Activity: In your copy, include every line of the listing below exactly but none of the pictures.

Stored data:

■ ■ ■ ■ ■

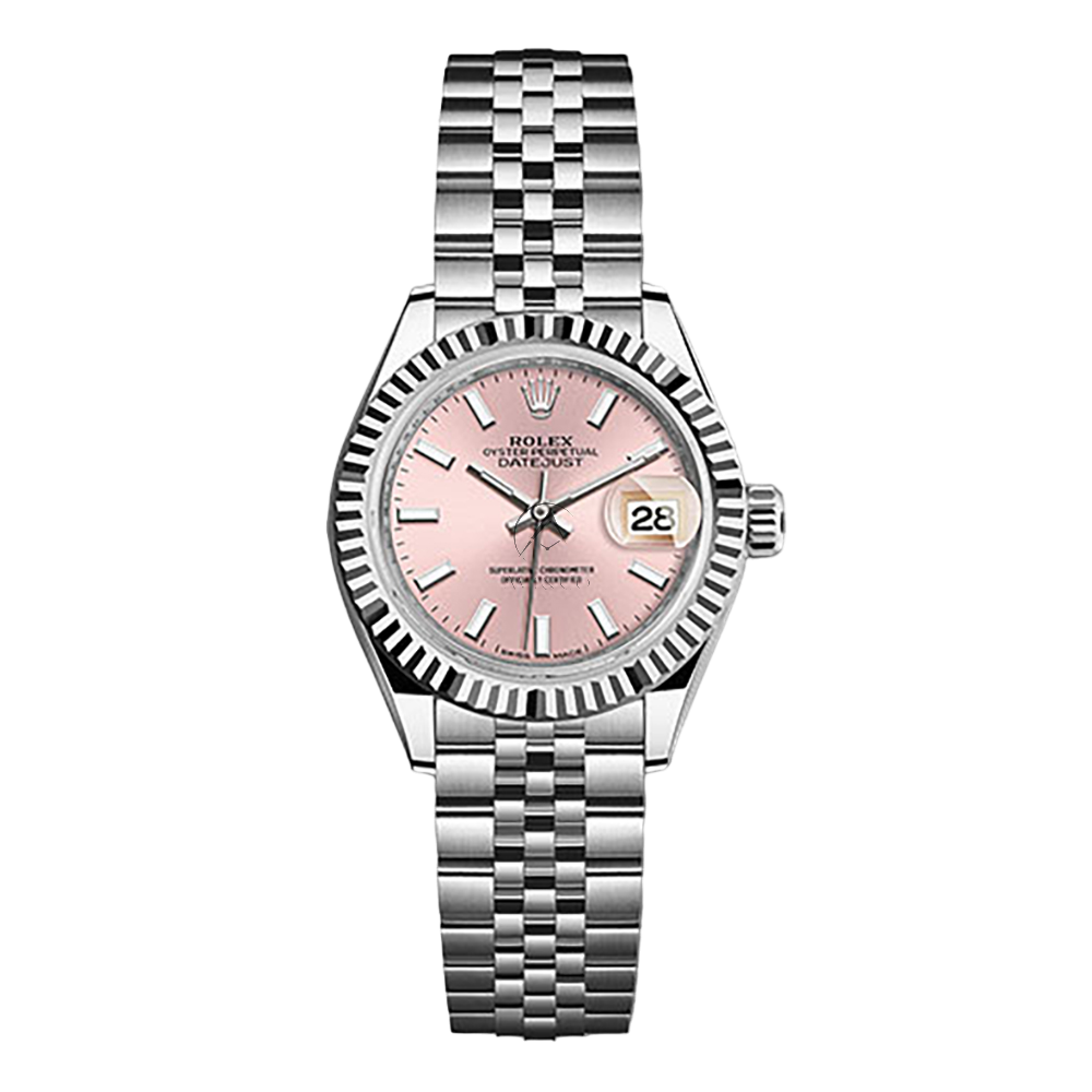 The Lady Datejust 28 is a charming watch with pink index dial that strikes the perfect balance between romantic and functional. The steel and white gold 28 mm case is assembled with a fluted, white gold bezel, screw-down crown and twinlock double waterproofness system. This timepiece is powered by the 2236 calibre with a 55-hour power reserve.
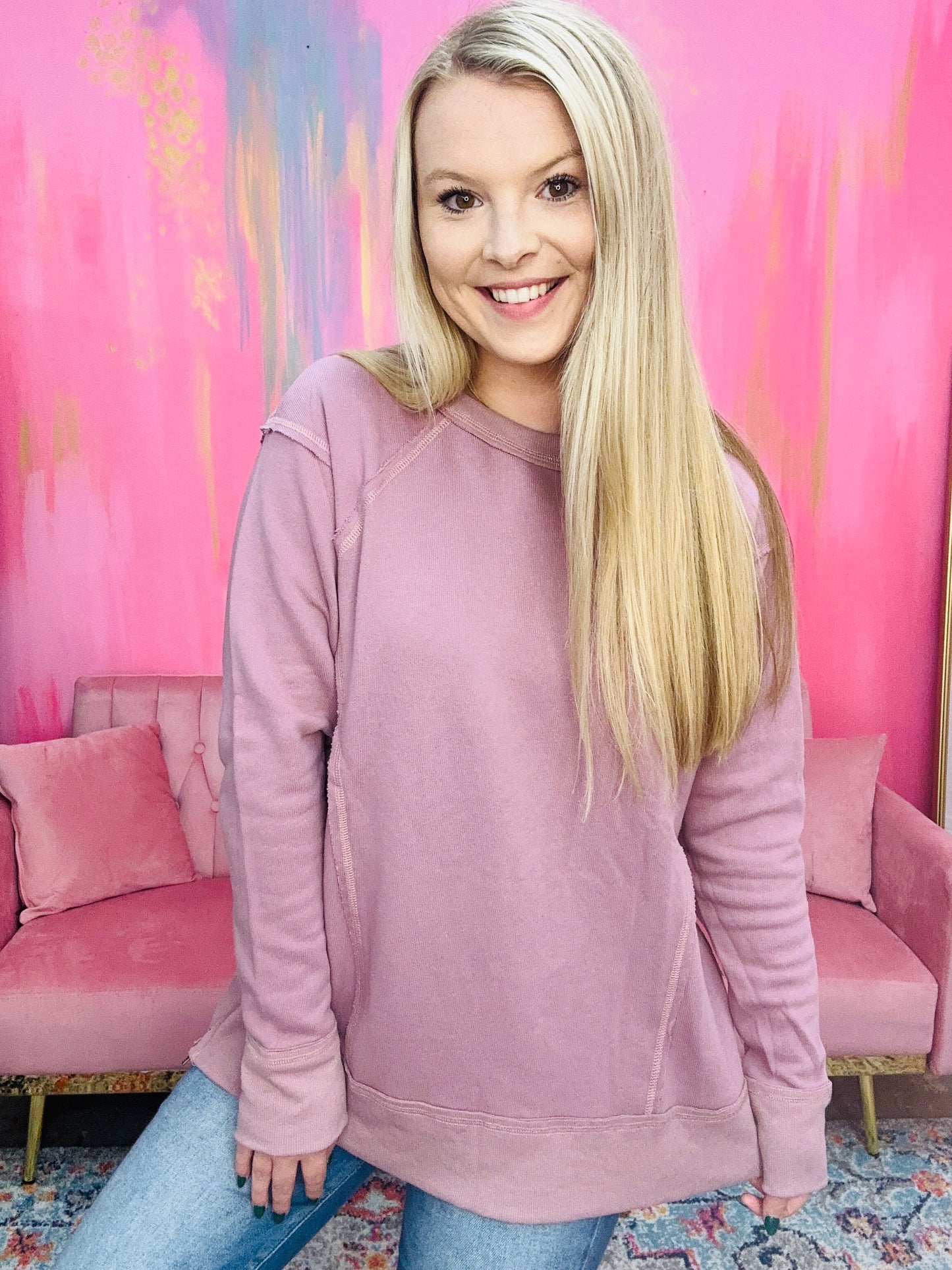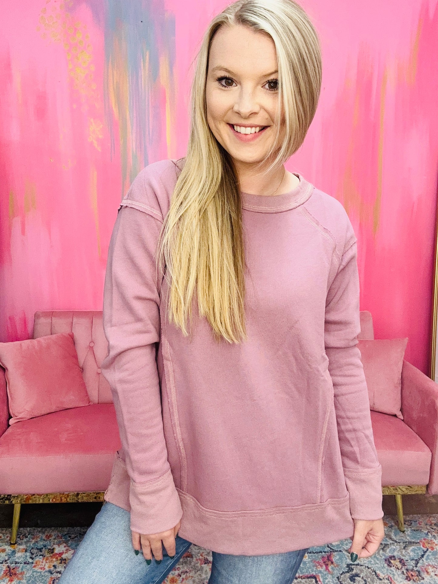 The FOR THE RECORD TOP is a comfortable knit long sleeve top designed for a snug and cozy fit. Its lightweight fabric makes it perfect for any season, while its easy care instructions make it a hassle-free wardrobe staple.
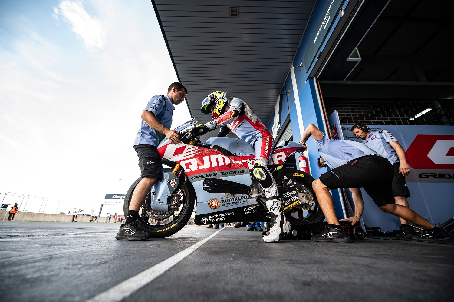 „Čekal jsem, že se poslední změna v nastavení, kterou jsme udělali po pátečním programu, projeví více. Ale moc to nepomohlo. Oproti včerejšku jsem sice zrychlil, ale jen nepatrně. Takže do první části kvalifikace jsme se vrátili k nastavení z Mugella, o kterém víme, že fungovalo dobře. Bohužel se s ním nemůžeme pustit do závodu, protože rychle žere přední pneumatiku. Každopádně jsem zajel slušný čas, který mě posunul do Q2, kde jsem ale spadl hned v prvním měřeném kole. Nevím, jestli to byla moje chyba nebo technická závada, prostě se mi nepovedlo podřadit na správnou rychlost do zatáčky. Motorku jsem sice zvedl a dojel zpátky do boxů, ale byla hodně rozbitá a mechanici udělali kompromis, abych mohl zajet alespoň jedno nebo dvě kola. Na slušný čas jsem už ani nepomýšlel. Pochopitelně mě to mrzí, nezažívám teď úplně dobré chvíle, ale to k tomuhle sportu prostě patří. Na druhou stranu mě i neúspěchy posilují. Psychicky každopádně, protože ten tlak je opravdu obrovský,“ komentoval dnešní den v Thajsku Filip Salač #12.

■ ■ ■ ■ ■

Finished exercise:
 The Lady Datejust 28 is a charming watch with pink index dial that strikes the perfect balance between romantic and functional. The steel and white gold 28 mm case is assembled with a fluted, white gold bezel, screw-down crown and twinlock double waterproofness system. This timepiece is powered by the 2236 calibre with a 55-hour power reserve.
 The FOR THE RECORD TOP is a comfortable knit long sleeve top designed for a snug and cozy fit. Its lightweight fabric makes it perfect for any season, while its easy care instructions make it a hassle-free wardrobe staple.
 „Čekal jsem, že se poslední změna v nastavení, kterou jsme udělali po pátečním programu, projeví více. Ale moc to nepomohlo. Oproti včerejšku jsem sice zrychlil, ale jen nepatrně. Takže do první části kvalifikace jsme se vrátili k nastavení z Mugella, o kterém víme, že fungovalo dobře. Bohužel se s ním nemůžeme pustit do závodu, protože rychle žere přední pneumatiku. Každopádně jsem zajel slušný čas, který mě posunul do Q2, kde jsem ale spadl hned v prvním měřeném kole. Nevím, jestli to byla moje chyba nebo technická závada, prostě se mi nepovedlo podřadit na správnou rychlost do zatáčky. Motorku jsem sice zvedl a dojel zpátky do boxů, ale byla hodně rozbitá a mechanici udělali kompromis, abych mohl zajet alespoň jedno nebo dvě kola. Na slušný čas jsem už ani nepomýšlel. Pochopitelně mě to mrzí, nezažívám teď úplně dobré chvíle, ale to k tomuhle sportu prostě patří. Na druhou stranu mě i neúspěchy posilují. Psychicky každopádně, protože ten tlak je opravdu obrovský,“ komentoval dnešní den v Thajsku Filip Salač #12.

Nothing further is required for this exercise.